I wear the Tifosi Pave 2, Gunmetal with phototec lenses with variable tint technology. I know that sounds wordy, but that's what they are called. I have the biggest head that I have ever seen 7 7/16 size ball cap. The Tifosi has never slipped or been tight on me for the 2 years I have owned them. They get lighter and darker according to the UV's. Great glasses, 60 bucks on Bike Nashbar. They even came with a free hardshell case.
http://www.tifosioptics.com/interchangeable/pave.html


----------



## FTR (Sep 20, 2006)

Another vote for Smith's here.


----------



## backinthesaddle (Nov 22, 2006)

Tifosi Dolomite. Big frame and interchangeable lenses...and you can wear them off the bike and not look like a tool.


----------



## Dumbod (Dec 31, 2004)

*A vote for Native*

I really like Native Eyewear. They're polarized and very well ventilated so that they almost never fog. 

The Nano2 is designed for us Clyde-Heads.

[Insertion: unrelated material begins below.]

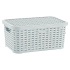 Корзина под ротанг с крышкой, прекрасно подойдет для хранения мелких вещей и продуктов, а также послужит отличным аксессуаром для оформления интерьера. Материал изделия (полипропилен) безопасен при контакте с пищевыми продуктами. Допускается использовать в диапазоне температур от -25 до +95 °C. Можно мыть в посудомоечной машине.
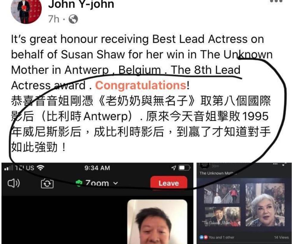 今年,邵音音已经70岁了,她的好友发文恭喜她凭借《老奶奶与无名子》,在国际影展连夺八个国际影后。

They even have a "lifetime" warranty. Scratch a lens and they'll replace it for "only" $20. ($20 is a lot but is cheap compared to the cost of buying a new lens or a new set of sunglasses.)


----------



## dadoflam (Jan 19, 2008)

Thanks Everyone - great suggestions and amazingly quick responses! (I'm normally a sailor and the forum responses for that sport are nowhere near as enthusiastic!) - I'm in Australia so will need to track down the mentioned brand distributors down here as I'm only familiar with the big brand usual suspects (Oakley, Maui Jim, Rudy Project etc). I'll let you know how I go
Thankyou


----------



## slowdave (Nov 29, 2005)

hey dado Aussie here too, The M-frames are great for the fat headed type i struggle to find helmets that fit my head. I also have rudys and i love them, Rydons, hourus and an ebay $15 dollar special jeckles, My advice find a sunglasse hut try em on them head to a specs dealler and try on those thet look nice than find my mate ebay and check out aussie glasses but dont forget the states as postage is about $15 and savings of about half what we pay can be made.


----------



## QuiQuaeQuod (Jan 24, 2003)

dadoflam said:


> (Oakley, Maui Jim, Rudy Project etc).


I've had luck with bolle too.

Now, that said, you REALLY need to try on the glasses. It is not just your head size, but also shape, location of cheekbones, etc. You want glasses that fit very close to your face all the way around, but does not touch.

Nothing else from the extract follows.